We live busy lives. So busy that many times we forget what is truly important. We forget the ways that God has benefited us. We see prayers answered and take those answered prayers for granted. Sometimes we even think we are deserving of answered prayers. We forget that it is by the grace of God that He hears us and blesses us.


David Addresses His Soul

Psalm 103 is considered one of the great Psalms of gratitude and thankfulness in the Bible. In this Psalm we might assume that David is talking to God or to the Israelites, but that would be wrong. David tells us in verse one who he is addressing—his soul. David is quite literally commanding his soul to do better. He is telling his soul to bless God's holy name for all of His benefits. The benefits of God are the ways He has graciously dealt with us through our lives. With David we will bless the Lord - Psalm 103.

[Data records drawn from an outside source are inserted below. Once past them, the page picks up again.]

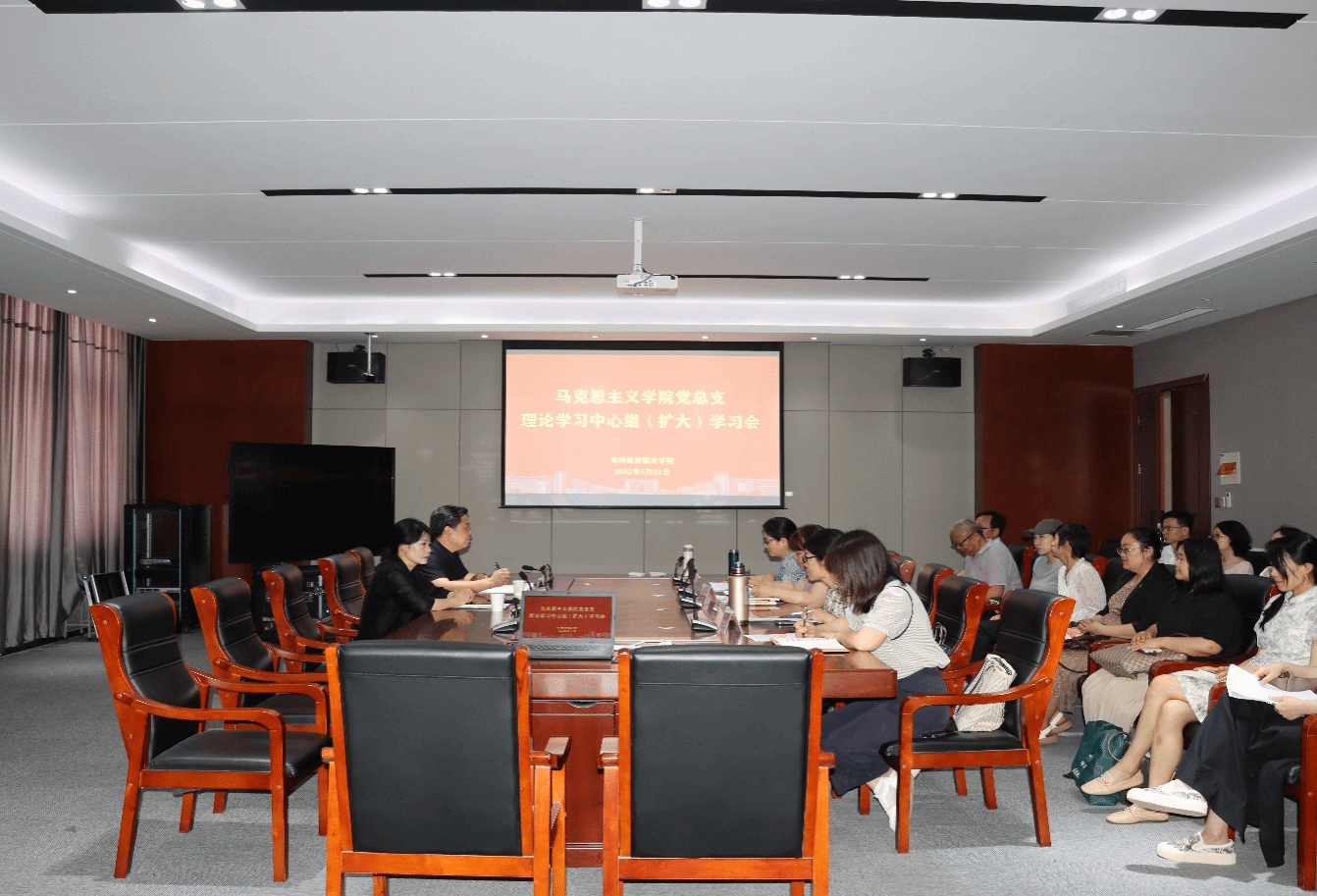 5月21日,校党委书记王艳红到党建联系点马克思主义学院开展专题学习指导。党委宣传部部长李立功主持会议,马克思主义学院全体教师党员参会。
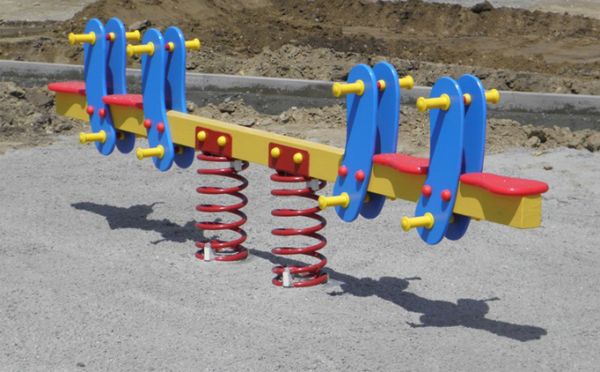 Közterületi célra, óvodákba, iskolákba, több gyermek által történő egyidejű használatra ajánljuk ezt a négyüléses, dupla rugós mérleghintát.
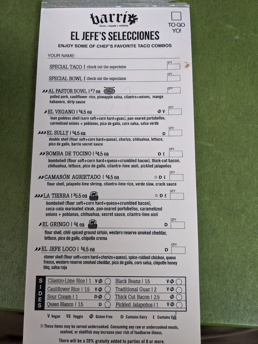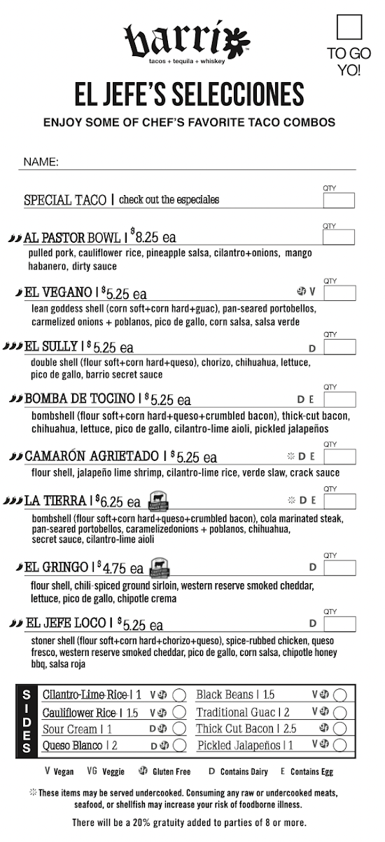 Barrio Tacos Cleveland Heights Menu
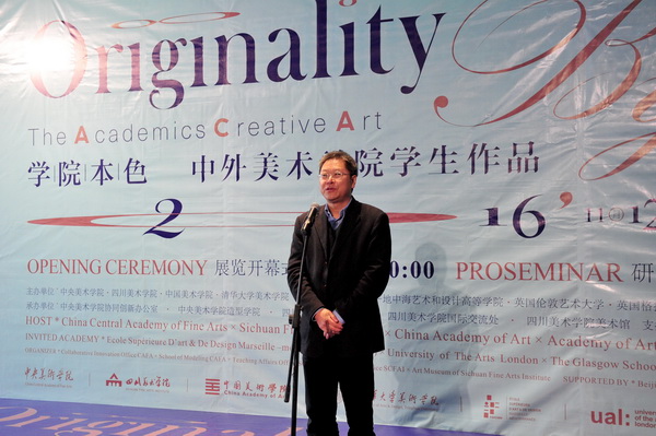 国内外参展院校嘉宾代表、中央美术学院党委副书记王少军,英国格拉斯哥美术学院造型学院院长Alistar分别在开幕式上致辞。出席开幕式的领导和嘉宾为展览获奖学生代表颁奖。最后,我校黄政书记宣布展览正式开幕。
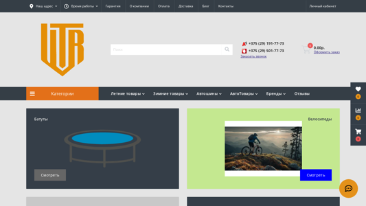 | AI-анализ | The portal Ultrashop.BY is an e-commerce website specializing in the sale of bicycles, tricycles, scooters, car tires, and home goods at affordable prices. The site offers a variety of bicycles, including mountain, city, BMX, and children's models, as well as accessories, tires, and tools for their maintenance. Additionally, customers can find automotive items such as tires and auto supplies. The website provides delivery services and guarantees the quality of its products. Contact information includes phone numbers and an email address. |
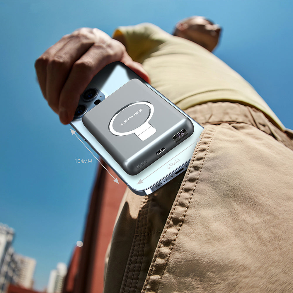 Lenyes PW1001D powerbank, 10.000 mAh kapasiteli lityum iyon polimer bataryasıyla enerjiyi cebinize taşır. Hem kablolu (22.5W) hem de kablosuz (15W) şarj desteği sunan bu akıllı güç bankası, güçlü mıknatısı sayesinde telefonunuza sağlam şekilde tutunur ve şarj etmeye başladığı an bağlantı sağlar. Günlük koşturmacanızda, iş yerinde veya dışarda bir kafede telefonunuzu priz aramadan şarj etmenin keyfini çıkarın.
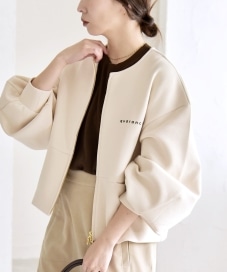 〔ONE SIZE〕quaranciel:〈洗濯機可能〉ポンチ ロゴプリント スウェット ジップ ブルゾン カーディガン
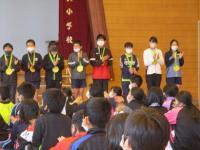12日(水)の児童集会で企画委員会から発表しました。団長二人も参加して、全校児童に発表することができました。
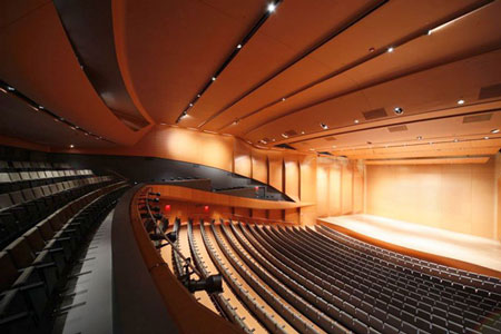 擁有1100個座位的愛麗絲·塔利音樂廳(Alice Tully Hall),是美國曼哈頓主要的綜合藝術(shù)表演基地,也是紐約市文化景觀的標(biāo)志性建筑。該建筑建成于1969年,其近期的改造是整個林肯中心園區(qū)(Lincoln Center campus)大規(guī)模重建計劃的一部分。項目的設(shè)計工作由迪勒·斯卡菲狄歐與倫弗洛建筑事務(wù)所(Diller Scofidio + Renfro)擔(dān)綱完成。改造后的慶典開放周從2009年2月22日開始,音樂界對其新的音響效果盛贊有加,JaffeHolden設(shè)計公司聲學(xué)家馬克· 霍頓(Mark Holden)的評價是:聲場效果就像是聲音從空中飄來一樣。事實上,正如《紐約時報》的文章標(biāo)題所示:“最終,在音樂廳聽到的是天籟之音。”
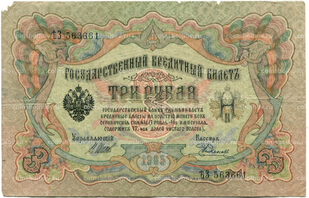 • Банкнота 3 рубля 1905 года Шипов / Родионов
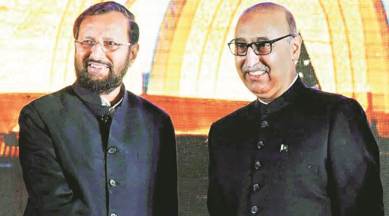 Prakash Javadekar with Abdul Basit at last year’s Pakistan Day event. (Source: PTI Photo/File)

Bless The Lord O My Soul - Psalm 103

We are commanded to bless God. In Psalm 134: 1-2, we are told to lift up our hands and bless the Lord. In Hebrew, the word bless is related to a Hebrew word that means to kneel. When we bless God we aren't giving God anything, because He needs nothing. We are praising and giving thanks to Him. Blessing God doesn't exactly mean thanking. In this instance to bless the Lord is more about praising the essence of who God is. We are really speaking of how blessed God is. He is the source of all of our blessings, simply because that is who God really is.


What Is The Soul

What does David mean when he speaks of his soul? The soul is both the physical and life giving spirit that we are given by God. Literally, God's breath that gave us life. It is everything that we are, everything that makes you, you.


Bless God With Your All

David knew that when he blessed God he had not been doing it with everything that he was. This Psalm is a wake up call for him. Remember! Remember the benefits with everything that is within you. How terribly easy it is to take those benefits for granted. How easily we haphazardly worship and praise God.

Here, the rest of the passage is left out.